Last year, farmers lost over 500 000 head to drought and disease, the CSC handled no cattle at all, and there was no guaranteed price at any live sales. Small scale cattle owners, who own 90 per cent of the national herd of 5.6 million head, had to accept prices as low as US$150 a head for mature slaughter stock. They had to sell 350 000 head at rock bottom prices. The loss to the farmers in one year of was over US$400 million. At the same time, the 180 000 new farmers on what was originally commercial farms taken over under the land reform program, only held 600 000 head of stock and cannot stock their farms because there are no bank facilities. The CSC ran a Cattle Finance Scheme for 42 years at a profit and financed hundreds of new cattle farmers with no collateral. Today this is simply not possible.

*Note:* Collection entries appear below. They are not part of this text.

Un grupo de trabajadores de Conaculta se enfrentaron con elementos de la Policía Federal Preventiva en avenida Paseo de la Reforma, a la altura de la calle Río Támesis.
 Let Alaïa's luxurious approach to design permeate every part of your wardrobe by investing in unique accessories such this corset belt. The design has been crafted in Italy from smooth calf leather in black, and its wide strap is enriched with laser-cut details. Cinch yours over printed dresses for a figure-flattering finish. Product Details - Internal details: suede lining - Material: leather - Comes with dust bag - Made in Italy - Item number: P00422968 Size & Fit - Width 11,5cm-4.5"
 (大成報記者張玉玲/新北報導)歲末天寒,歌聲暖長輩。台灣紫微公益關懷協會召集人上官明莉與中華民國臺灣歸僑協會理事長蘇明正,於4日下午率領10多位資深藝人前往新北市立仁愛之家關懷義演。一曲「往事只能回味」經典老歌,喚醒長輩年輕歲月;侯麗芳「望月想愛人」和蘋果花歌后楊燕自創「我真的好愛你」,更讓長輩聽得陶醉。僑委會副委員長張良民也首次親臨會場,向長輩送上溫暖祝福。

Then you have the gold industry. In 1893 Rhodes toured this country with one of the best geologists in the world. Their conclusion was that this country had plenty of gold but it was widely dispersed, shallow and in local pockets rather than the deep rich seams in South Africa. In the total collapse of our economy from 2000 to 2008, hundred of thousands on young people discovered what Rhodes had identified – you could mine gold in shallow pits and shafts, have it crushed and run over a table or through a simple cyclone and get US dollars for the free gold recovered.

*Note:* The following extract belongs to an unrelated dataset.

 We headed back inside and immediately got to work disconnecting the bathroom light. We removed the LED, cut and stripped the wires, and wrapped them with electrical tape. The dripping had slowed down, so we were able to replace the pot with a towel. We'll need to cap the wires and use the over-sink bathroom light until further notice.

This year over 700 000 young people are out there mining gold all over the country and getting 1 to 8 grams per tonne of ore. There is no marketing system for this output. The gold producing areas are managed by mafia gangs who control the sale of gold and even allocate land for mining at a fee. The primary producers, the people who labour and take risks underground, often under terrible conditions, paying high prices for everything they need, helmets, protective clothing, lights, dynamite, get paid about 60 per cent of what their gold is worth.

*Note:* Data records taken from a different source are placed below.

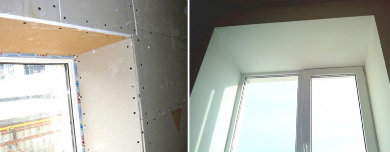 Для крепления гипсокартона к раме окна крепиться профиль, в который вставляются листы, вырезанные по параметры окна. В этом случае самое важное — точное и правильное измерение.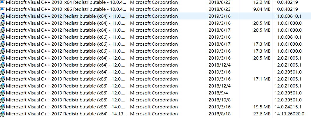 就这些东西,找到你缺失的是哪个版本,然后先删除掉已经有的。然后可以从微软官网下载他提供的组件,或者在网上找刚才删除的组件重新下载安装。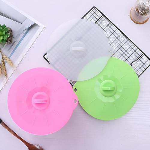 Generic - أغطية أواني مقاومة للحرارة متينة من السيليكون مصممة للحفاظ على الطعام طازجًا مناسبة لتخزين بقايا الطعام ومنع الانسكابات في مطبخك (3 قطع من الألوان المعروضة)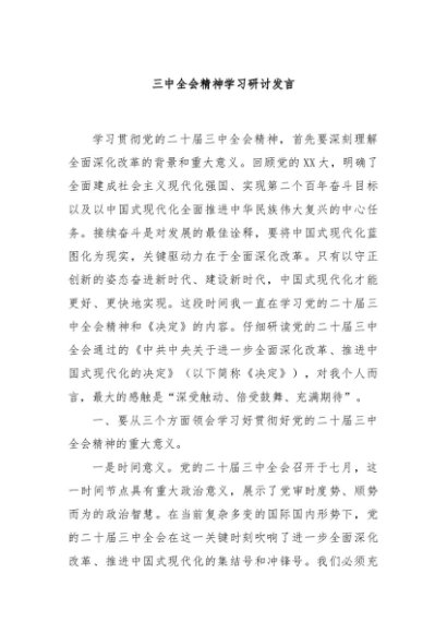 【七哥公文】2024年:三中全会精神学习研讨发言 (1)+更多免费公文+VX:QiGeGongWen2024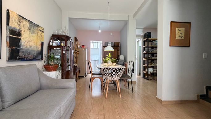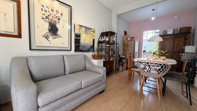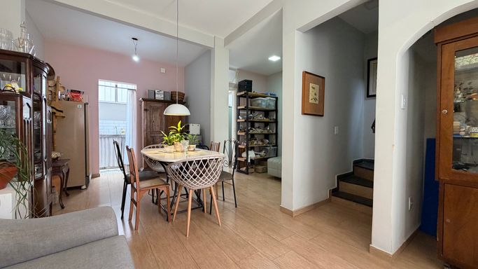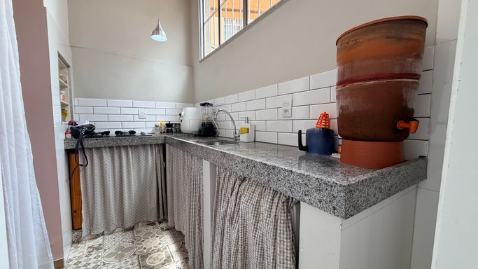 1° Pavimento: Sala ampla para dois ambientes, um escritório reversível, cozinha com área de lavanderia, banho social.

The great bulk of this raw gold concentrate is smuggled out of the country in every means you can imagine; executive jets to small taxi vehicles and by bus and bicycle. How much is involved? In 2022 the Dubai Gold Market stated that they bought 435 tonnes of gold from Africa without certificates of origin. They said at the same time that 105 tonnes came from Zimbabwe. At the price of gold prevailing at that time that was worth over US$6 billion. This is more than the total exports of all formal sector mining activity in Zimbabwe in that year. It is enough to fund our total annual imports. Just imagine what is going on in the Congo, northern Mozambique, western Tanzania.

If we liberalised our market for gold, made it possible for these hundreds of thousands of small miners to get recognition and the ownership of their claims, if we supported them with supplies at a decent price, our gold production could easily exceed 200 tonnes a year valued at US$14 billion. What we have instead, is a failure to serve, a failure of the Chamber of Mines, a failure of the Ministry of Mines, a failure of Government as a whole.

If we fail to serve our people, it is at our peril, we can never thrive as a country until we all learn that lesson.